### [YOUR ASSIGNMENT]
As the answer, give exactly the lines of the records below from the one with "The Equinox Rattan" through the one with "更火上浇油的是,你引以为傲的 1.2mm 超窄边框,很有可能刚露头就被小米", ends included and pictures left out.
[[ ENTRIES SHOWN, beginning ]]
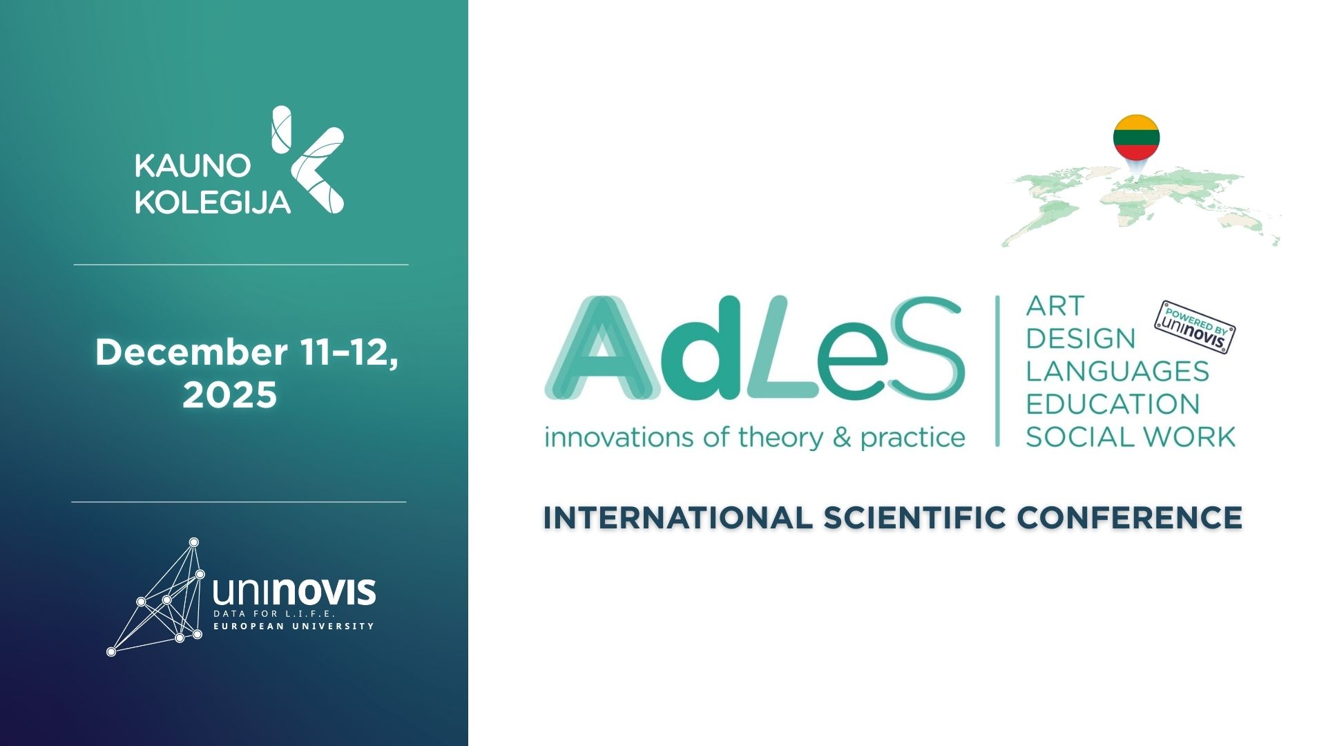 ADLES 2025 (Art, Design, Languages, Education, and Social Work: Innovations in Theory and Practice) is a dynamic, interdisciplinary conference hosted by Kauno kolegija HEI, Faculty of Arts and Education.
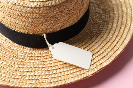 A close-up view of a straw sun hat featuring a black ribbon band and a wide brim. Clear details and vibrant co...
[[ ENTRIES SHOWN, end ]]
[[ ENTRIES SHOWN, beginning ]]
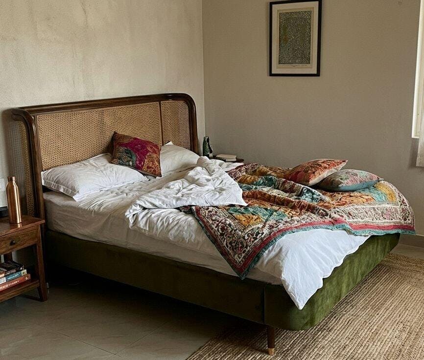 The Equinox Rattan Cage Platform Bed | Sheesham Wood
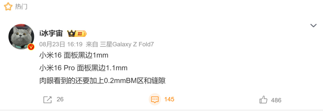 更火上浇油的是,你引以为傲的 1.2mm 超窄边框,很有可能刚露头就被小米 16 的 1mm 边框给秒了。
[[ ENTRIES SHOWN, end ]]
### [RESULT]
 The Equinox Rattan Cage Platform Bed | Sheesham Wood
 更火上浇油的是,你引以为傲的 1.2mm 超窄边框,很有可能刚露头就被小米 16 的 1mm 边框给秒了。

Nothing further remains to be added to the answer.